I have not been on safari in Kenya but one comment I have read repeatedly is the space available in the vehicles to wield big lenses like the 600mm f4. Some vehicles have seating platforms on something like outriggers but if you are in the middle of a 'communal' seating it will be tougher - it is worth contacting the tour company to find out about seating.


----------



## Hector1970 (Jul 24, 2018)

Thanks for all the comments.
I think the transport is a Toyota Van with a roof that pushes up.
Did anyone use a 600mm F4 in such circumstances. It’s 5 passengers in the vehicle.


----------



## edoorn (Jul 24, 2018)

it will greatly depend on the type of trip and the operator. 

The mini vans are indeed not the most comfortable photography vehicles; they usually have quite some people in them and the sides are not fully open. Photography oriented trips in the mara usually have no more than 3 guests in a vehicle so each one has a full seat row to themselves and use landcruisers that are fully open sided. I always insist on this on my trips there.


----------



## Hector1970 (Jul 24, 2018)

Yes it was a Jeep in Tanzania all those years ago which is somehow more in keeping with a real Safari.’
I have visions of dropping lens and camera overboard. I’m can’t remembet how potentially easy that is to do.
Camera gear was a lot lighter in the year 2000.


----------



## tron (Jul 24, 2018)

Not same experience (substitute birding for safari) but the 400mm f.4 DO II with 5DsR rocks for IQ and weight. I got 5DsR in addition to 7DII based on Alan's experience and I am happy about it. The IQ is much better at lower ISO ( say up to 1000 or so, up to 1600) and equivalent to 7D2 at higher levels. But I cannot stress enough the less weight and the short length of the 400 DO II how much a portable combination makes it (compared to other big white = 500 or 600, solutions)


----------



## AlanF (Jul 24, 2018)

tron said:


> Not same experience (substitute birding for safari) but the 400mm f.4 DO II with 5DsR rocks for IQ and weight. I got 5DsR in addition to 7DII based on Alan's experience and I am happy about it. The IQ is much better at lower ISO ( say up to 1000 or so, up to 1600) and equivalent to 7D2 at higher levels. But I cannot stress enough the less weight and the short length of the 400 DO II how much a portable combination makes it (compared to other big white = 500 or 600, solutions)

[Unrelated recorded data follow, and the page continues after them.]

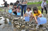 総合学習で新潟県南魚沼市を流れる魚野川を調べている石打小学校(南魚沼市石打)の4年生17人は7月1日、魚野川にイワナの稚魚を放流した。子どもたちは放流を通して、川をきれいに守っていくことの大切さを学んだ。
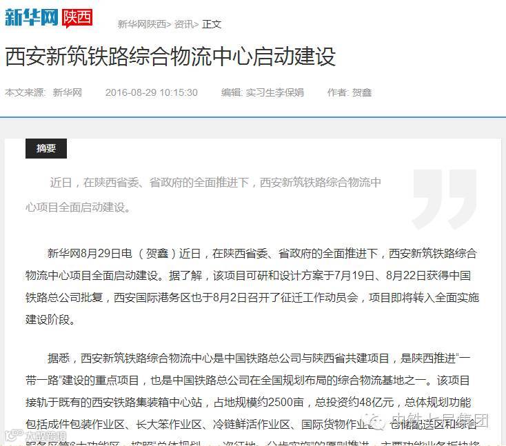 近日,在陕西省委、省政府的全面推进下,西安新筑铁路综合物流中心项目全面启动建设。据了解,该项目可研和设计方案于7月19日、8月22日获得中国铁路总公司批复,西安国际港务区也于8月2日召开了征迁工作动员会,项目即将转入全面实施建设阶段。
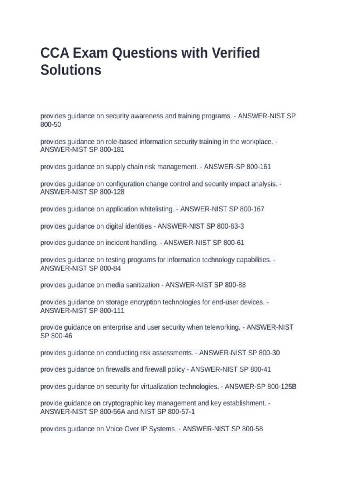 ANSWER-NIST SP 800-84
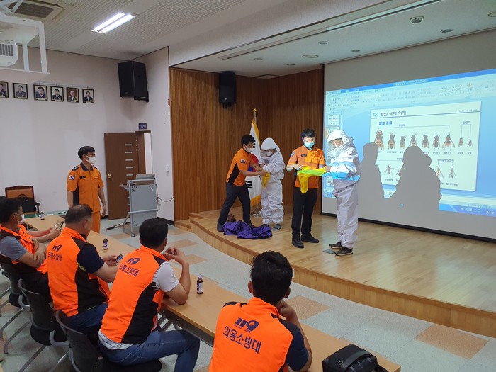 한편, 안전한 현장 활동을 위해 지난 20일과 25일에 ▲벌 생태 특성, 종류 및 벌집제거 요령 ▲벌집제거 현장대응 매뉴얼 ▲벌쏘임 방지복 착용 방법 ▲현장안전사고 예방과 응급처치법 등 교육을 실시했다.
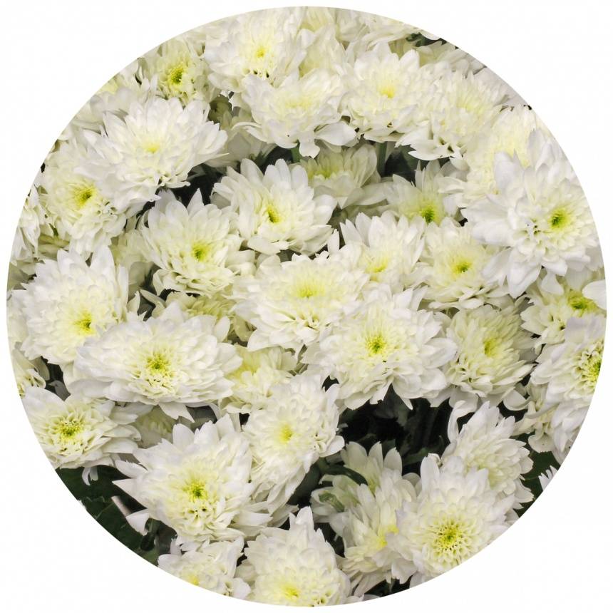 Самой распространённой среди российских садоводов является именно эта белая кустовая хризантема.

For our birding safari in Tanzania, my wife will use the 5DSR + 100-400mm II (mainly without a TC). It’s nearly as good as the 400 DO II at 400mm but the DO leaps ahead with a 1.4xTC in IQ and AF. This will cover us for zooming and close ups down to a metre. It’s a fabulous combination. I’ll use the 5DIV with the DO + TCs. To be frank, I’d prefer a second 5DSR as I love it at 560mm. But, the 5DIV never lets me down with BIF, although the DSR is very good too.


----------



## DavidA (Jul 25, 2018)

*Re: 600 F4 II or 300 F2.8 II and extenders for a Safari k*

I have been on two safaris in Africa that included SA, Botswana, Rwanda, and Tanzania where I found that 560mm met 95% of my shooting needs. I carried the Canon 200 - 400 w1.4x TC and 100-400 II as my primary lenses on both safaris. I was in a group of 4 on both trips which was ideal for the vehicles used on safari. I only had one animal sighting and a few birds in Tanzania where the 560mm didn’t meet my needs. Atmospherics becomes the biggest issue with the long lenses in dusty environments. I have shot alll of the big whites at some point on wildlife trips.

I borrowed the 400 DO f4 II last year for an air show and it is an awesome lens for IQ, AF and lightweight versatility. Most of my shots were with the 1.4x TC III and they were all incredibly sharp. Not scientific, but I would call the DO II + 1.4x TC III @ 560mm sharper than native 100-400 II. All of my lens / camera combinations are calibrated by Canon or a local lab with/without TC’s. I haven’t done the 300mm 2.8 II combination, but I am going to borrow the DO again to retest with 2x TC before my next safari. I love my 200-400, but it is heavy and bulky.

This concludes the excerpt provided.